STUDY MATERIAL below:

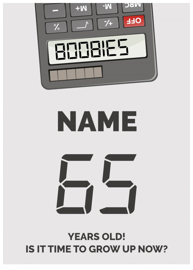 This fun 65th birthday card for an adult has been designed with an upside down calculator with the numbers 5318008 which spells out BOOBIES.
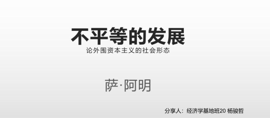 杨骏哲同学分享的是由埃及著名经济学家萨·阿明所写的《不平等的发展》一书。本书的副标题《论外围资本主义的社会形态》表现了本书的主旨是以分析不发达问题为中心。作者不仅对亚、非、拉中一些国家发展道路进行了剖析,而且对整个资本主义南、北世界,即外围与中心,进行历史的和地域的纵横描述。 |
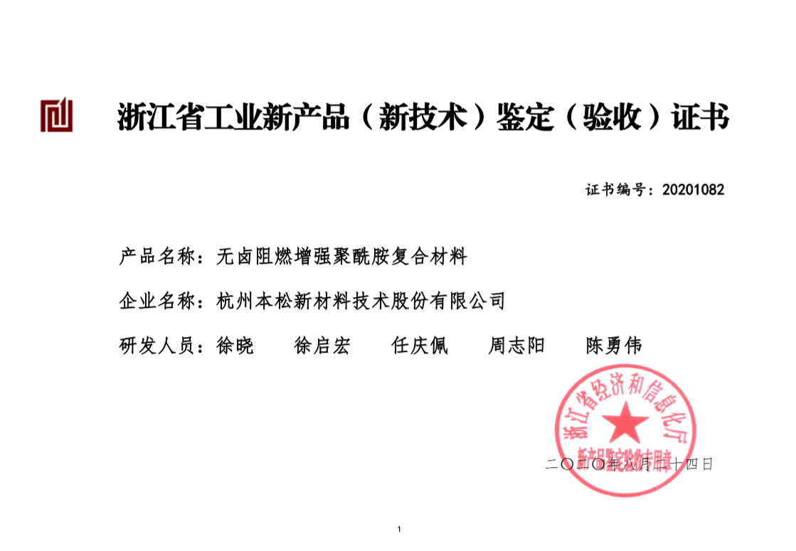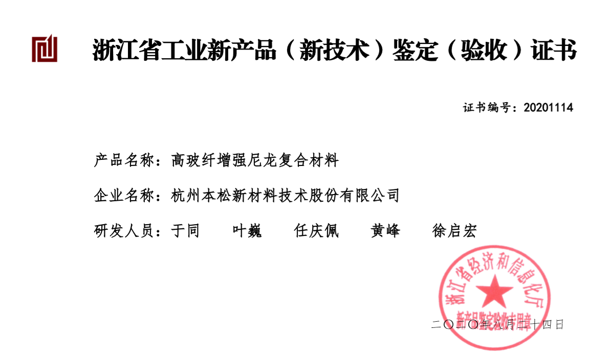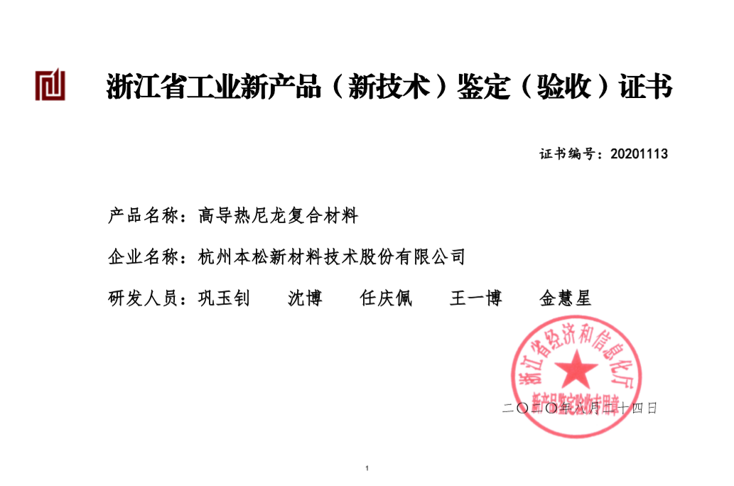"High thermal conductivity nylon material" has been identified as the first batch of new materials in China Award "Provincial intellectual property demonstration enterprises" and "Provincial enterprise technology center"
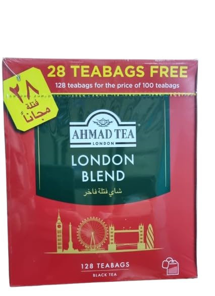- أكياس شاي لندن بليند من شاي أحمد، 100 كيس + 28 كيس شاي مجانا
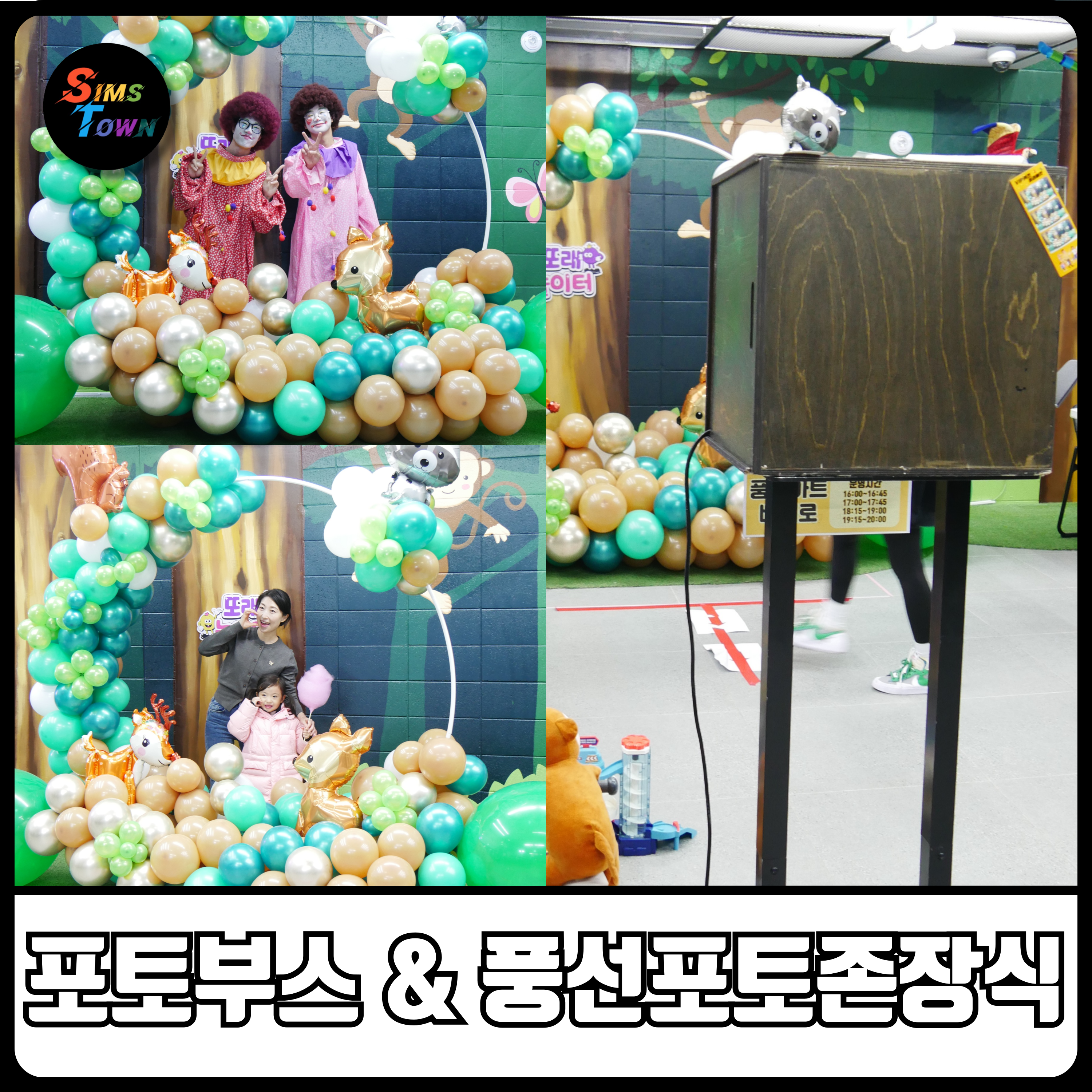 결혼식이나 기업행사에서 주로 볼 수 있는 즉석인화 포토부스에, 심스타운의 장기인 풍선포토존 원형아치장식을 결합했습니다.
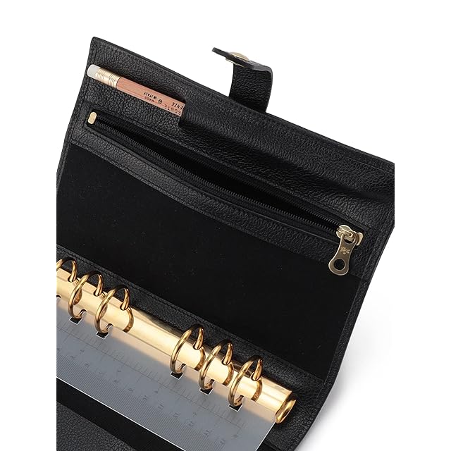 手帳用定規と鉛筆が付属した便利なシステム手帳。手に馴染むしなやかなレザーを採用しており、豊富なカラーバリエーションからお選びいただけます。スナップボタン開閉、内部にはファスナーポケット付き。※手帳の中身は付属しておりませんので、対応レフィルをご購入ください。※イル ビゾンテの革製品に付属している保存袋の仕様を変更いたします。予めご了承ください。※イル ビゾンテの革製品は、天然の革を使用している為、1点1点風合いや色味に違いが生じる可能性がございます。予めご了承ください。※採寸の詳細につきましては、サイズガイドをご覧下さい。
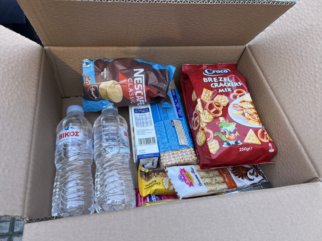 Πρόκειται για ισοθερμικές κουβέρτες αλουμινίου μιας χρήσης και 200 μεγάλα κουτιά (κιτ επιβίωσης) με διάφορα είδη ξηράς τροφής, συσκευασίες νερού, χυμούς, προϊόντα προσωπικής φροντίδας, καθαρισμού και απολύμανσης.
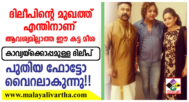 ദിലീപിന്റെ മുഖത്ത് ആവശ്യമില്ലാത്ത ആ മീശയാണ് ഫോട്ടോയിലെ ആകര്ഷണം. കാവ്യയ്ക്കും മേക്കപ്പ് ആര്ട്ടിസ്റ്റ് അവിനാശിനുമൊപ്പം ദിലീപ് നില്ക്കുന്ന ഫോട്ടോ പുറത്ത് വന്നത് ദിലീപ് ഷോ 2017 യുഎസ്എ കാനഡ പരിപാടിയുടെ ഫേസ്ബുക്ക് പേജില് നിന്നാണ്.
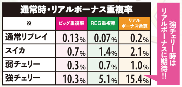 弱チェリー+リアルREG重複確率

End of STUDY MATERIAL.

> TASK GOAL:
Now reproduce all of the entries precisely, with no pictures in the copy.

> SOLUTION TO THE EXERCISE:
 This fun 65th birthday card for an adult has been designed with an upside down calculator with the numbers 5318008 which spells out BOOBIES.
 杨骏哲同学分享的是由埃及著名经济学家萨·阿明所写的《不平等的发展》一书。本书的副标题《论外围资本主义的社会形态》表现了本书的主旨是以分析不发达问题为中心。作者不仅对亚、非、拉中一些国家发展道路进行了剖析,而且对整个资本主义南、北世界,即外围与中心,进行历史的和地域的纵横描述。 |
"High thermal conductivity nylon material" has been identified as the first batch of new materials in China Award "Provincial intellectual property demonstration enterprises" and "Provincial enterprise technology center"
- أكياس شاي لندن بليند من شاي أحمد، 100 كيس + 28 كيس شاي مجانا
 결혼식이나 기업행사에서 주로 볼 수 있는 즉석인화 포토부스에, 심스타운의 장기인 풍선포토존 원형아치장식을 결합했습니다.
 手帳用定規と鉛筆が付属した便利なシステム手帳。手に馴染むしなやかなレザーを採用しており、豊富なカラーバリエーションからお選びいただけます。スナップボタン開閉、内部にはファスナーポケット付き。※手帳の中身は付属しておりませんので、対応レフィルをご購入ください。※イル ビゾンテの革製品に付属している保存袋の仕様を変更いたします。予めご了承ください。※イル ビゾンテの革製品は、天然の革を使用している為、1点1点風合いや色味に違いが生じる可能性がございます。予めご了承ください。※採寸の詳細につきましては、サイズガイドをご覧下さい。
 Πρόκειται για ισοθερμικές κουβέρτες αλουμινίου μιας χρήσης και 200 μεγάλα κουτιά (κιτ επιβίωσης) με διάφορα είδη ξηράς τροφής, συσκευασίες νερού, χυμούς, προϊόντα προσωπικής φροντίδας, καθαρισμού και απολύμανσης.
 ദിലീപിന്റെ മുഖത്ത് ആവശ്യമില്ലാത്ത ആ മീശയാണ് ഫോട്ടോയിലെ ആകര്ഷണം. കാവ്യയ്ക്കും മേക്കപ്പ് ആര്ട്ടിസ്റ്റ് അവിനാശിനുമൊപ്പം ദിലീപ് നില്ക്കുന്ന ഫോട്ടോ പുറത്ത് വന്നത് ദിലീപ് ഷോ 2017 യുഎസ്എ കാനഡ പരിപാടിയുടെ ഫേസ്ബുക്ക് പേജില് നിന്നാണ്.
 弱チェリー+リアルREG重複確率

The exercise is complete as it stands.